Suit by doctors, hospitals seeks change in how arbitrators settle surprise billing cases
The AMA and AHA are not arguing to halt the law that protects patients from unexpected bills. Instead, they want to change the rules for the mediators who will settle the dispute between insurers and providers.
Two of the largest lobbying groups representing physicians and hospitals filed a lawsuit Thursday challenging a Biden administration decision on how to implement the law shielding patients from most surprise medical bills.
The lawsuit from the American Hospital Association and the American Medical Association does not seek to halt the law from going into effect in January. Instead, it seeks a change in a key provision in regulations issued in September.

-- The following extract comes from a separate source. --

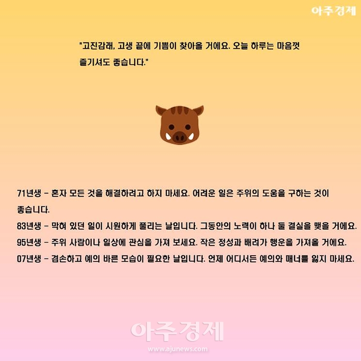 ▶돼지띠 오늘의 운세 "고진감래, 고생 끝에 기쁨이 찾아올 거에요. 오늘 하루는 마음껏 즐기셔도 좋습니다."

At issue is how arbitrators will decide the amount insurers pay toward disputed out-of-network bills.
That was a main point of dispute in the long and contentious debate leading up to the passage of the No Surprises Act in late 2020 — and remains so a year later.
“Our legal challenge urges regulators to ensure there is a fair and meaningful process to resolve disputes between health care providers and insurance companies,” AMA President Gerald E. Harmon said in a written release.

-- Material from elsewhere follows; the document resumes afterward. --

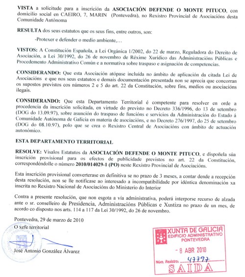 Estes 100 artigos cadran cunha boa nova. DEFENDE O MONTE PITUCO xa visou os estatutos da Asociación creada para respaldar todas as accións que emprendamos; xa figuramos provisionalmente no Rexistro Provincial de Asociacións. E dentro de tres meses esta inscrición será definitiva.

Two other lawsuits — one from the Texas Medical Association and one from the Association of Air Medical Services — have been filed over the regulation.
“There has been a lot of political pressure, and now they are turning to the courts to get the outcome they want to see,” said Katie Keith, director of the Health Policy and the Law Initiative at Georgetown University Law Center.
The administration has defended its interpretation of the law, with Health and Human Services Secretary Xavier Becerra telling KHN and NPR last month that if the arbitration process were “wide open” costs would go up, so it set up a system that “provides the guideposts to keep us efficient, transparent and cost-effective.”
The No Surprises law is designed to address a common practice: providers sending large, unexpected bills to patients who receive out-of-network care from physicians, laboratories, hospitals or air ambulance services.
Starting in January, the law bars most such balance bills. Instead, insured patients will pay only what they would have if the care had been provided by an in-network facility or physician. It directs insurers and the medical providers to work out whether any more is owed.
If they can’t agree, the dispute moves to “baseball-style” arbitration, in which both sides put forth their best offer and an arbitrator picks one, with the loser paying the arbitration cost, which the rule sets for next year as between $200 and $500.
The regulation issued Sept. 30 directs arbitrators to lean toward picking the amount closest to the median in-network rate negotiated for the type of care involved, although they can also consider other factors, such as the experience of the provider, the type of hospital and the complexity of the treatment.
Congress wrote into the legislation that arbitrators could not consider “billed charges,” which are often highly inflated amounts hospitals and doctors set as what they want to be paid, nor could they consider the lowest payment amounts, including reimbursement rates from Medicaid and Medicare.
The lawsuit, filed in U.S District Court for the District of Columbia, alleges that giving weight to the in-network median rate “places a heavy thumb on the scale” against medical providers and “barely resembles” the process Congress created.
Congress, it alleges, prescribed “no particular weight or presumption for any one factor,” instead directing arbitrators to consider all factors. Focusing on median in-network rates will “prevent fair and adequate compensation.”
The regulation’s focus on median rates while allowing for other factors is cited by policy experts as an effort to avoid inflationary effects seen in a few places where state balance bill laws allowed arbitrators to consider awarding a percentage of the inflated billed charges.
They also note it is one intention of the law to help reduce high out-of-network costs.
“The way the law is crafted, you only lose money if you were personally profiting from the leverage that surprise billing gives,” said Loren Adler, associate director of the USC-Brookings Schaeffer Initiative for Health Policy.
Some doctors, he said, will see a reduction in payments. But, he noted, “those below the median, meaning half, will see some increase in leverage.”
He and Keith also said the focus on in-network rates in the regulation was not unexpected.
Keith, in an article for Health Affairs looking at the other two lawsuits against the regulation, noted that the Congressional Budget Office estimate of the law’s effect on premiums (savings of between 0.5% and 1% most years) “hinged on the assumption” that the amounts settled upon during disputes would “generally be consistent” with median in-network rates.
Joining with the AMA and the AHA in the lawsuit are plaintiffs Renown Health, UMass Memorial Health and two North Carolina physicians.